Rezayat Group Allegedly Breached in Ransomware Attack by Everest Gang
Saudi Arabia’s Rezayat Group, a multibillion-dollar industrial services conglomerate, has reportedly become the latest victim of the Everest ransomware group. The threat actors posted Rezayat’s name and a data sample on their dark web leak site, suggesting they exfiltrated approximately 10GB of sensitive information.
The Rezayat Group oversees a network of 25 companies across engineering, logistics, construction, and manufacturing, with operations in 13 countries and a global workforce exceeding 20,000 employees.
The Everest group claims to have accessed confidential files including client contracts, technical schematics, and internal reports.
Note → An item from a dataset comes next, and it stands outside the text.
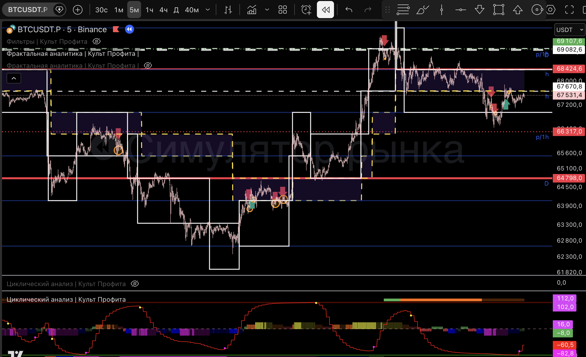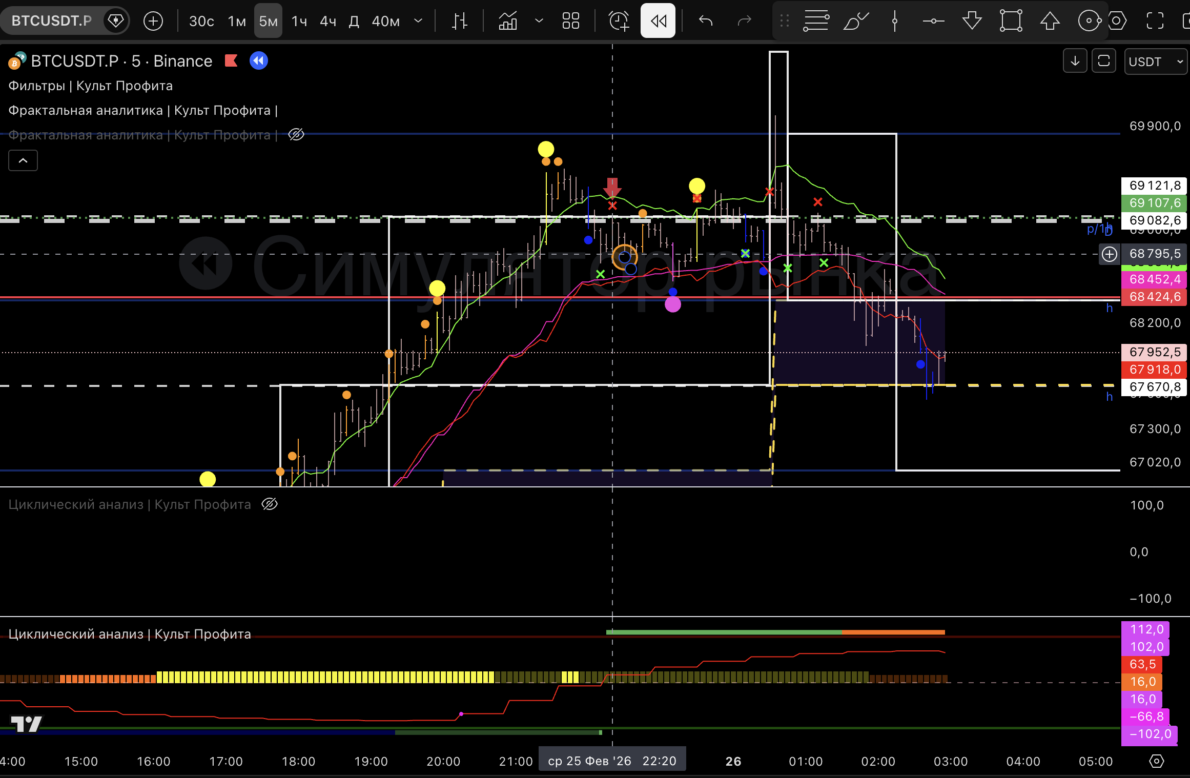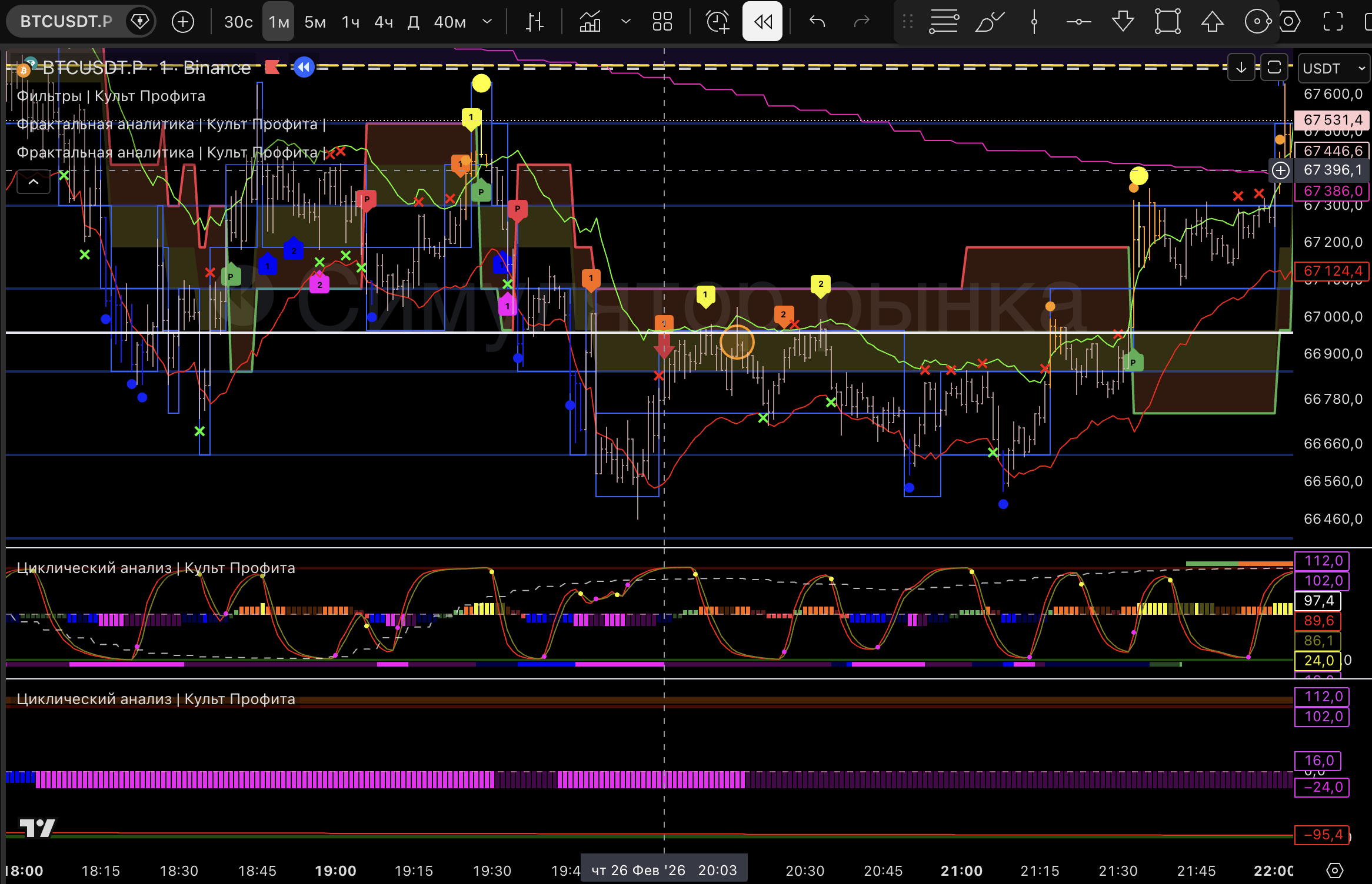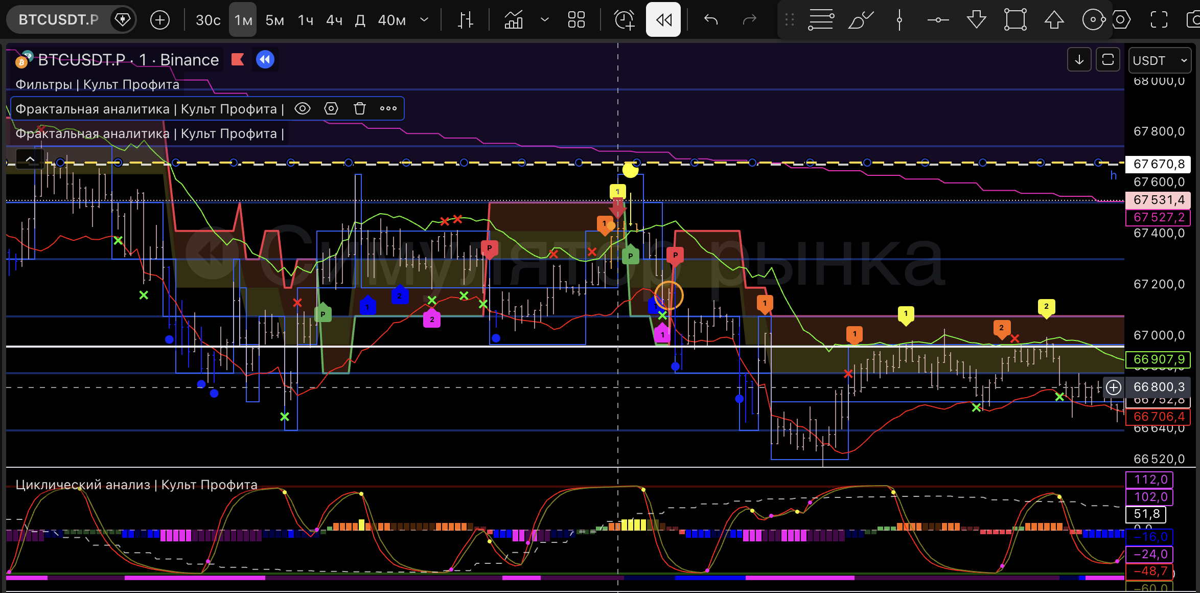 Вышел т.к загорелся розовый пм, линия цикла внизу и практически дошли до нижней границы 1м боровика.

While full verification remains pending, researchers have reviewed screenshots shared by the attackers which include:
- Signed contract documents allegedly tied to Rezayat clients
- Technical drawings believed to represent industrial infrastructure
- Internal communications and operations-related reports
The Cybernews research team, after examining the leak, warned:
“As the data includes reports and contracts with other companies, the alleged data breach could affect Rezayat’s reputation with its clients. Moreover, attackers could use the leaked data to craft supply chain attacks.”
Rezayat has yet to comment on the breach allegations. The screenshots shared thus far appear to be intended as pressure tactics, a common ransomware strategy where partial data is leaked to push victims into ransom negotiations.
Everest Ransomware: A Persistent Threat Actor With a Global Victim List
The Everest ransomware cartel has a known history of targeting high-profile organizations and critical sectors. First emerging in 2021, the group has ties to the Russia-linked BlackByte syndicate, and has steadily expanded its reach across continents.
In recent months, Everest has claimed responsibility for attacks on major firms including:
- Mediclinic Group, a global healthcare provider
- Coca-Cola, where it reportedly stole sensitive internal and HR documents
- AT&T, which it claimed to have breached in 2022, offering access to its corporate network
Everest operators are known to exploit compromised user accounts and Remote Desktop Protocol (RDP) for lateral movement within target environments. According to Cybernews’ Ransomlooker, the group has listed over 100 victims in the past year alone.
Analysts note a growing focus on the Middle East region, suggesting it is now a key target for ransomware cartels due to the region’s expanding industrial infrastructure and global business ties.
As of now, it remains unclear whether Rezayat has engaged with the attackers or paid any ransom. However, the exposed files, if authentic, highlight the growing risk to supply chain partners and the critical services sector, where stolen documents can ripple through connected systems and clients.
The breach, if confirmed, will likely renew scrutiny over cybersecurity posture within industrial and engineering firms operating across high-value, international contracts.